§ DIRECTIONS FOR THIS TASK:
Could you transcribe exactly the lines below, from the line with "按原畫整體勾線分層,還原古畫" through the line with "柄が付いたキッチン用のスポン", and nothing else, leaving out the pictures?

§ DATA IN THIS EXERCISE:

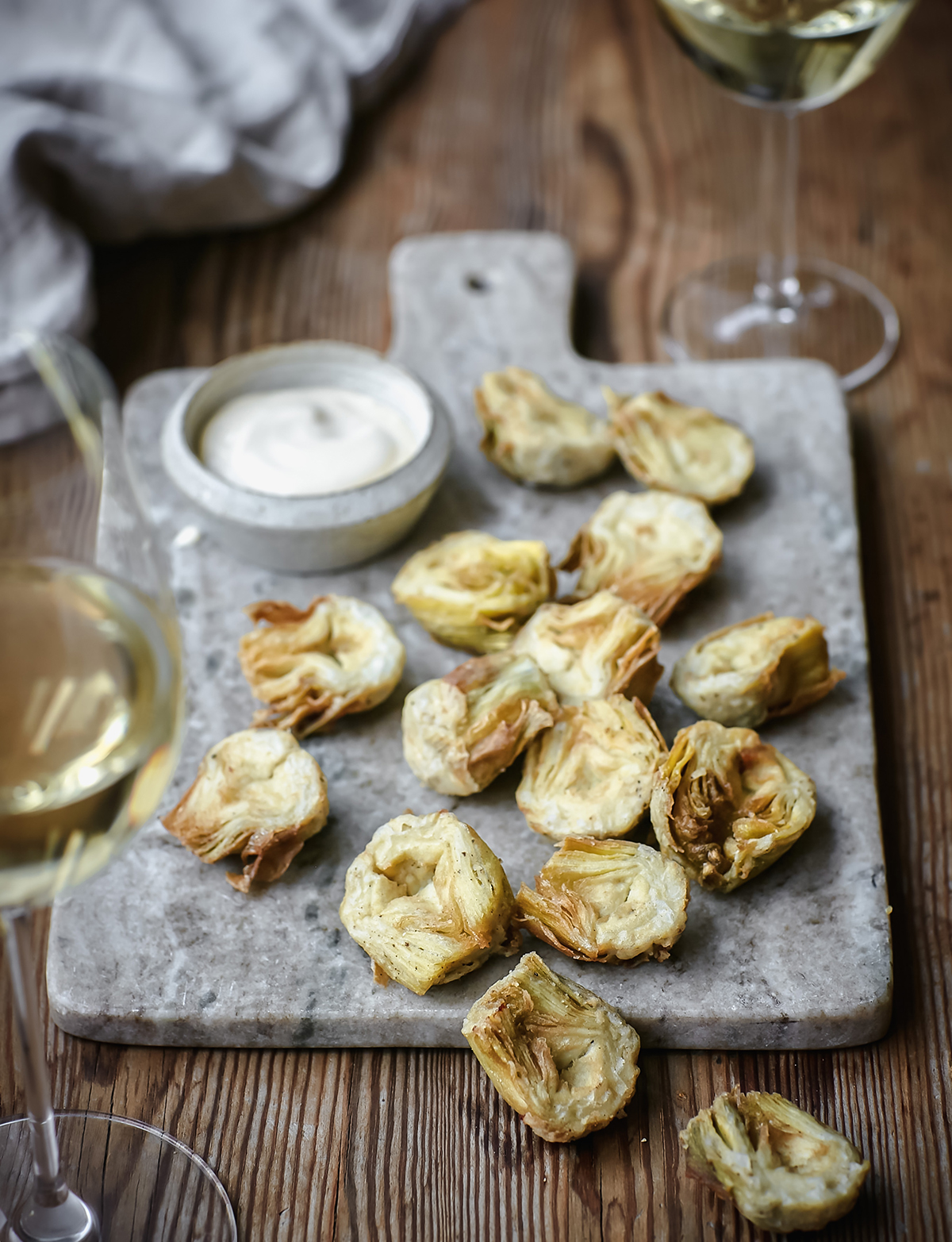 De lite syrliga kronärtkockshjärtan passar perfekt att doppa i den salta misodippen. Extra goda blir de också genom att friteras lite krispiga.Foto: Lisa Björner
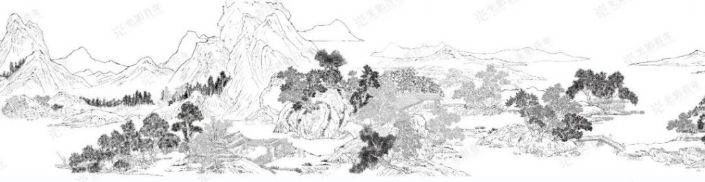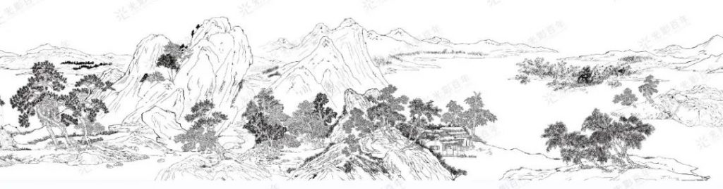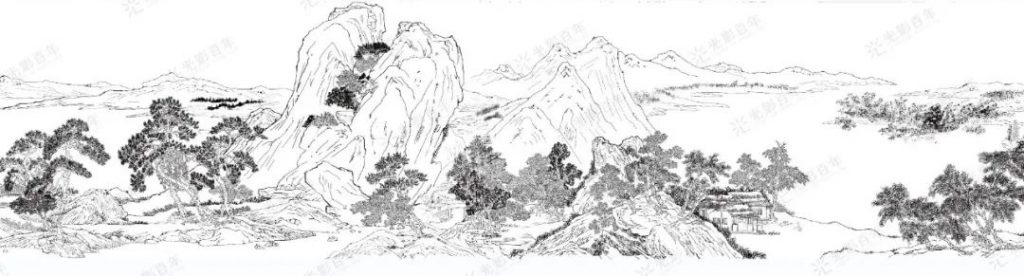 按原畫整體勾線分層,還原古畫的樹葉、山形勾線技法效果、線條的粗細虛實變化;用電腦數字繪畫還原毛筆的技法,需要對線條具有很好的控制能力。
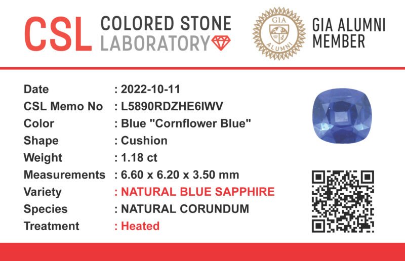 The sapphire has been professionally tested and certified by Colored Stone Laboratory (CSL), ensuring its authenticity and gemological characteristics.
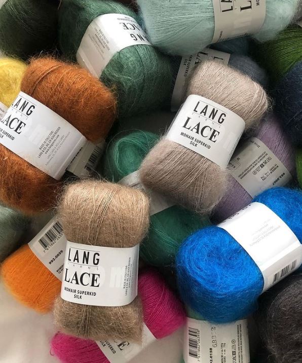 La laine Lace de Lang Yarns utilisée pour ce pull et écharpe
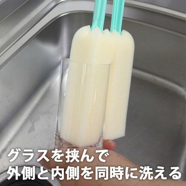 柄が付いたキッチン用のスポンジです。長いサイズなので、底まで手の入らない丈の長いコップを洗うのに最適です。スポンジにコップをはさんで回しながら使えば、両面を一度に洗うことができます。
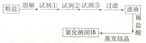 4.D[提示:A.除去$\mathrm{Mg^{2+}}$用氢氧化钠溶液,发生的主要反应为:$\mathrm{Mg^{2+}+2OH^-=Mg(OH)_2\downarrow}$,A正确;B.由于过量的氯化钡需要用碳酸钠溶液除去,因此碳酸钠溶液一定在氯化钡溶液的后面加入,则试剂①一定不是$\mathrm{Na_2CO_3}$溶液,B正确;C.检验$\mathrm{SO_4^{2-}}$是否除尽:取少量滤液,加稀盐酸酸化,再加$\mathrm{BaCl_2}$溶液,C正确;D.滤液加稀盐酸时发生反应:$\mathrm{H^++OH^-=H_2O}$、$\mathrm{2H^++CO_3^{2-}=CO_2\uparrow+H_2O}$,D错误。]
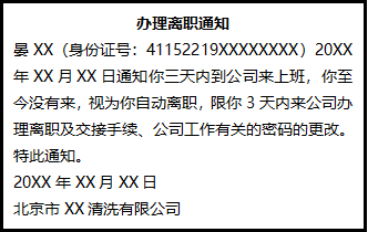 晏XX(身份證號(hào):41152219XXXXXXXX)20XX年XX月XX日通知你三天內(nèi)到公司來(lái)上班,你至今沒(méi)有來(lái),視為你自動(dòng)離職,限你3天內(nèi)來(lái)公司辦理離職及交接手續(xù)、公司工作有關(guān)的密碼的更改。

§ FINISHED EXERCISE:
 按原畫整體勾線分層,還原古畫的樹葉、山形勾線技法效果、線條的粗細虛實變化;用電腦數字繪畫還原毛筆的技法,需要對線條具有很好的控制能力。
 The sapphire has been professionally tested and certified by Colored Stone Laboratory (CSL), ensuring its authenticity and gemological characteristics.
 La laine Lace de Lang Yarns utilisée pour ce pull et écharpe
 柄が付いたキッチン用のスポンジです。長いサイズなので、底まで手の入らない丈の長いコップを洗うのに最適です。スポンジにコップをはさんで回しながら使えば、両面を一度に洗うことができます。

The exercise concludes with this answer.